Captain blames current
ATHENS, Greece — A cruise ship captain indicted on negligence charges after his vessel foundered on a volcanic reef and sank in the Aegean Sea blamed strong currents for the accident, state-run television reported Sunday.
Two French tourists have been missing since Thursday when the ship struck rocks and eventually sank off the island of Santorini. All the other people on board — 1,154 passengers and 391 crew, according to operator Louis Cruise Lines — were rescued.
State-run NET television quoted from what it said were excerpts of his deposition to a public prosecutor on the island of Naxos, blaming currents off the volcanic island for the accident.

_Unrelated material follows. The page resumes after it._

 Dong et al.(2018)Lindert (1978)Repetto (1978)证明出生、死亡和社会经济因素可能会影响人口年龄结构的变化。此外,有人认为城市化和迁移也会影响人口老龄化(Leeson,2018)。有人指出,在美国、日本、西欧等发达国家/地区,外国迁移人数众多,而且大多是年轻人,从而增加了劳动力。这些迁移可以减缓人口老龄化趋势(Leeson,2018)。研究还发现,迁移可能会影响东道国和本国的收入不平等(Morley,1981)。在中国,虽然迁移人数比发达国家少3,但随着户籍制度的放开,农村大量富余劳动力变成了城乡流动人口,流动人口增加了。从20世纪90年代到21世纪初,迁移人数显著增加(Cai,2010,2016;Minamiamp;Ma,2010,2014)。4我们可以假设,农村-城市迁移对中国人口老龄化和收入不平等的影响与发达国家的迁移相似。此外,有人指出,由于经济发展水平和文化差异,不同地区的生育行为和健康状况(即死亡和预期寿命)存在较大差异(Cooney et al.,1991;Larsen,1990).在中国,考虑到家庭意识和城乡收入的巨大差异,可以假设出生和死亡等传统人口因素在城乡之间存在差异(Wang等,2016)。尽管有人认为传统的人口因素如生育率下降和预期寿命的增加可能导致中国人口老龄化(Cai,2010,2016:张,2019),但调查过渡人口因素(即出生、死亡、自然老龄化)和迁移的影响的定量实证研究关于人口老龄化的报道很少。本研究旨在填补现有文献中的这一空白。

"I felt the ship, which had been on a normal course, slip to the right because of sea currents," NET quoted him as saying. "I gave the order for a full turn left. But there was not enough time for the ship to respond."
Authorities have not named the captain or five other crew members charged.

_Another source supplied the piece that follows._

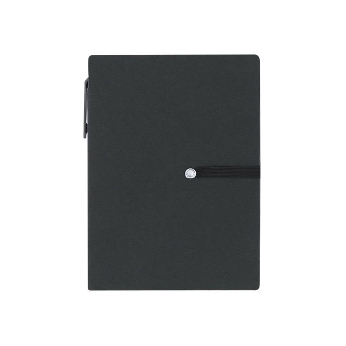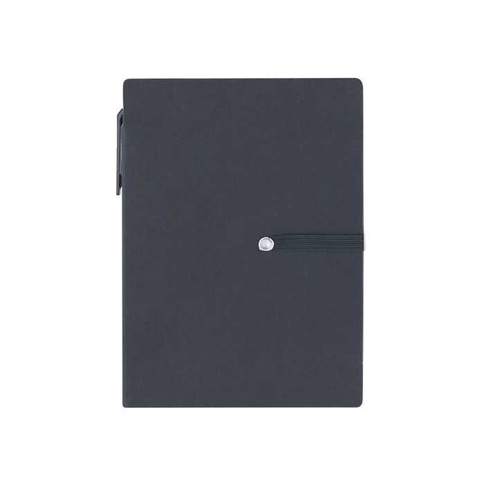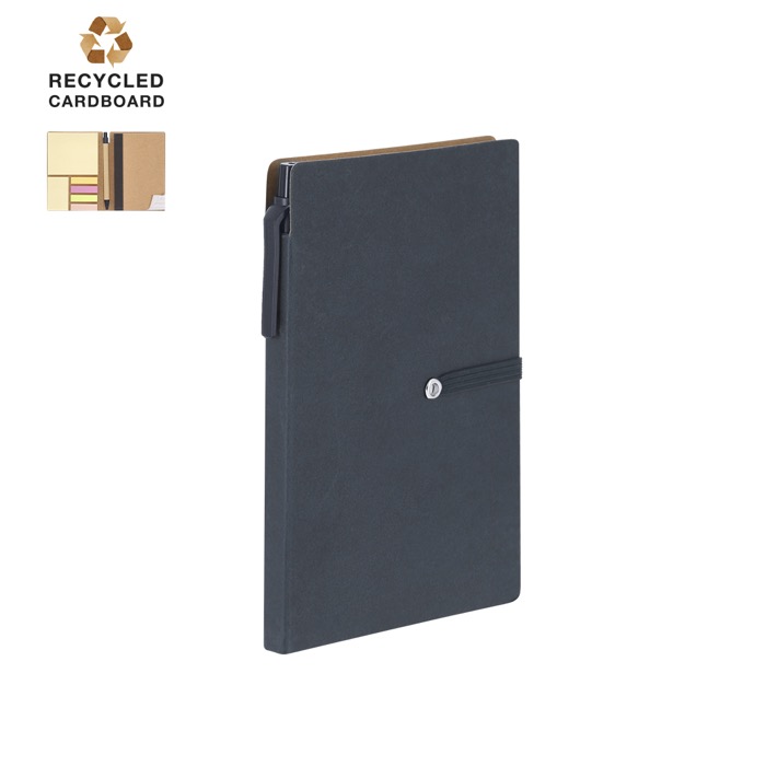 A6-Block aus recyceltem Karton mit hartem Einband und Verschluss durch ein passendes Elastikband. Enthält einen Block mit 70 Weißen, liniert angelegten Blättern, damit Sie Ihre täglichen Notizen ordentlich festhalten. In der inneren Umschlagseite befinden sich gelbe Haftnotizen in zwei Größen sowie 100 Mini-Haftnotizen in verschiedenen Farben, um Aufgaben zu markieren, Prioritäten zu setzen und schnelle Erinnerungen zu hinterlassen. Abgerundet wird das Set durch einen Kugelschreiber mit blauer Tinte und Druckmechanik. Empfohlen für Schulungen, Veranstaltungen und Büromaterial mit Logo.

They were indicted on blanket charges of causing a shipwreck through negligence, breaching international shipping safety regulations and polluting the environment, the Cyclades islands public prosecution office said. All have been released pending further testimony.
Most of the ship's passengers were American, but also included groups from Canada, Britain, Spain, France, Australia, and the Dominican Republic. Most returned home Friday and Saturday and some described the evacuation as poorly organized and chaotic.
The missing French passengers were a 45-year-old man and his 16-year-old daughter. The man's wife told authorities she had narrowly escaped from the family's flooding cabin on a lower deck, near the area where the rocks tore a hole in the hull.